Lesson #2: It’s truly fascinating to sit and watch a teacher get excited over the fact that her class of four and five year olds know and can recognise their initials. I believe the reason why she can get so animated stems from the fact that her expectations of those children are achievable. If the teacher’s benchmark was that her students were to write their names in cursive font, holding their pen correctly in their right hand with three fingers, she may not get so excited about mastery over initials.
How often in life do we fail to give people praise, recognition and encouragement because what they deliver is so far below what we expect? It may be your children, it may be your spouse, it may be your employees, your family, your friends or your team. When was the last time you looked at the expectations you have of people in your world and asked yourself; “Are my expectations fair and reasonable?” and “Why am I always under impressed with people in my world?”
Revelation #3: We will see greater progress and self-development when we tap into our feelings and label them differently.
Lesson #3: It’s funny how the little things in life can fascinate us. Whilst on kinder duty I found myself expressing probably a little too much excitement over buckets filled with a mixture of corn flour and water. The children called it “goop” – but I’m more inclined to call it a science experiment. You see, when you slide your fingers through it quickly it becomes runny, and when you slide your fingers through it slowly, it hardens up like wet cement. Anyway, NO, I didn’t have a deprived child hood, so I should just move on!
What caught my attention was the way that the teachers repeatedly asked the children; “What does it feel like?” as they ran their fingers in the ‘goop.’ As the teachers kept probing on this, the children tilted their heads, looked up at the ceiling and blinked faster than usual in an attempt to label their feelings.
Have you ever considered that there are so many more labels and descriptives applicable to our feelings that we dare to consider? You see, when we are upset, we generally say we are sad, when we are excited we may say that we are happy, when we are down we may refer to that as flat. Personally, I believe that our progress and development is limited when we continue to label our emotions with such generic touch and go phrases. For example, the next time you are “angry” why don’t you try and identify WHY you are angry. So are you feeling let down, resentful, bullied, envious, overlooked or insulted? Identifying our true emotions and feelings can heighten our self-awareness and mobilise us towards change.
Revelation #4: We must own the mess we sometimes create, and get a can-do attitude towards recovery.
Lesson #4: Whilst most of the children sat on the mat by the teacher’s feet at kinder this morning, a group of three busily fussed about trying to clean their art and craft corner. On realising that these little ones were holding up the rest of the children, I went over to offer some assistance until I was called back by the teacher who said; “It’s OK Suzie, they made the mess, they will clean it.”

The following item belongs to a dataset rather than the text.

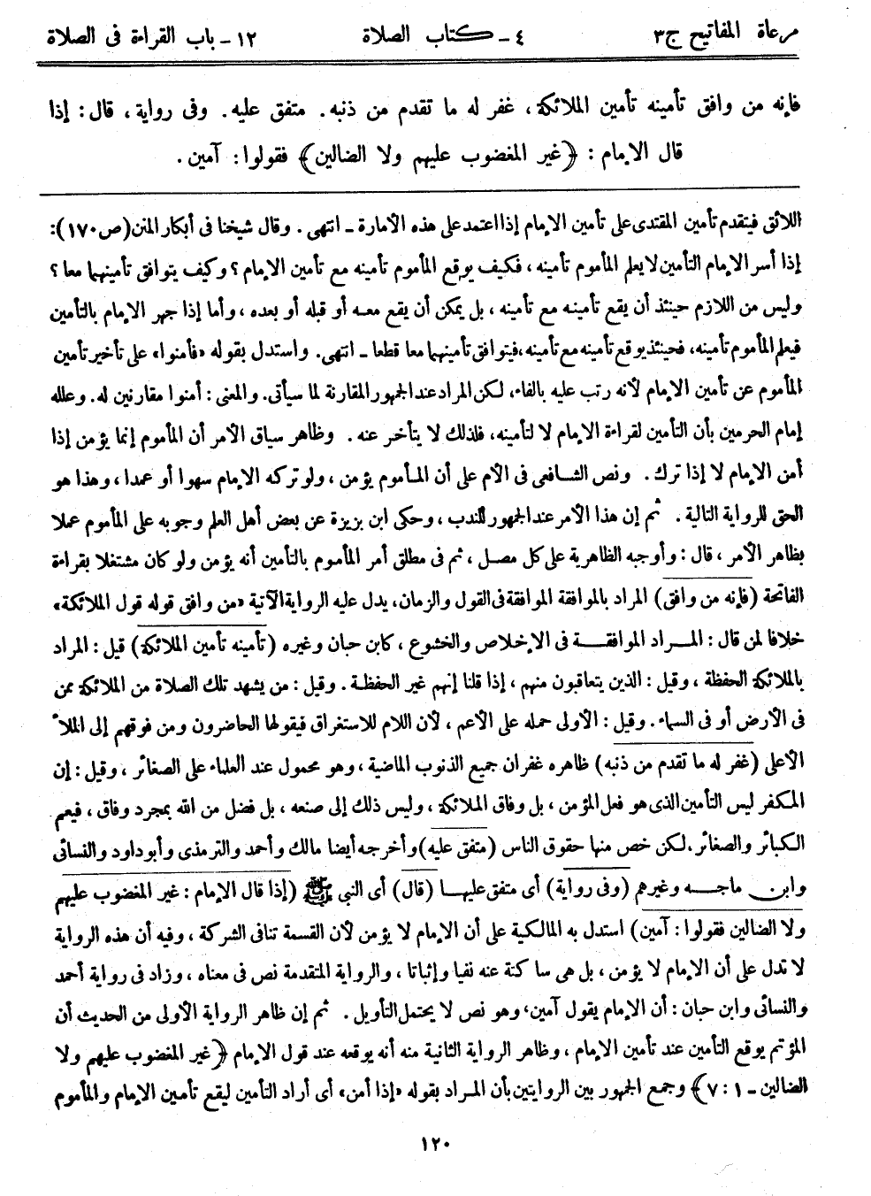 فإنه من وافق تأمينه تأمين الملائكة، غفر له ما تقدم من ذنبه)) متفق عليه. وفي رواية، قال: ((إذا قال الإمام {غير المغضوب عليهم ولا الضالين} فقولوا: آمين.
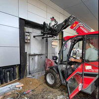 Die Rohbauer kommen … Aber keine Angst! Um sicherzustellen, dass das Alltagsgeschäft des Lebensmitteleinzelhändlers ohne Einschränkungen fortgesetzt werden kann, wurde von uns mit effektiven Wasser- und Staubschutzmaßnahmen entsprechend vorgesorgt. Nachdem unsere Monteure die Schnittend-Kernbohrungen und Ausbau-Kernbohrungen hergestellt hatten, erfolgten die Sägeschnitte mit der Hilti Wandsäge DST 20 CA an den Außenseiten der geplanten Türöffnung. Dabei wurde der Beton präzise entlang der markierten Linien geschnitten. Die schienengeführte Sägeeinheit exakt von unseren erfahrenen Monteuren vorbereitet, geht unsere Säge durch das Bauteil wie ein Messer durch heiße Butter. Anschließend wurde das 3,2 to schwere Ausbau-Betonteil noch in vier 800 kg schwere Rückbauteile aufgesägt. Für den Ausbau und Abtransport der Betonteile setzten wir unseren neuen Weidemann-Teleskoplader ein. Anschließend folgte der Rückbau der Folien-Schutzmaßnahmen, der Arbeitsbereich wurde aufgeräumt und gereinigt. Gemäß dem Wunsch unseres Auftraggebers, wurde die entstandene Öffnung provisorisch mit Seekiefernplatten verschlossen.

What a tremendous life skill to be taught, that when we make a mess – which sometimes we do – with our decisions, words or behaviours, it remains our responsibility to clean it up. I consider the number of times in my life where I have created a ‘mess’ and called on God to fix it. Although He can, and He often does, I must remember, it’s my mess.
Some of my ministry and learning and development work aims to provide people with the tools and strategies to be able to develop a can-do attitude and the practical skills required for repairing the mess, and moving towards greatness. Sometimes the mess is huge, other times it’s just a few bits and pieces that litter a small area of our life. Whatever the mess, we can take steps towards cleaning it up – if we start today.
Who would have thought kinder duty would be so life changing!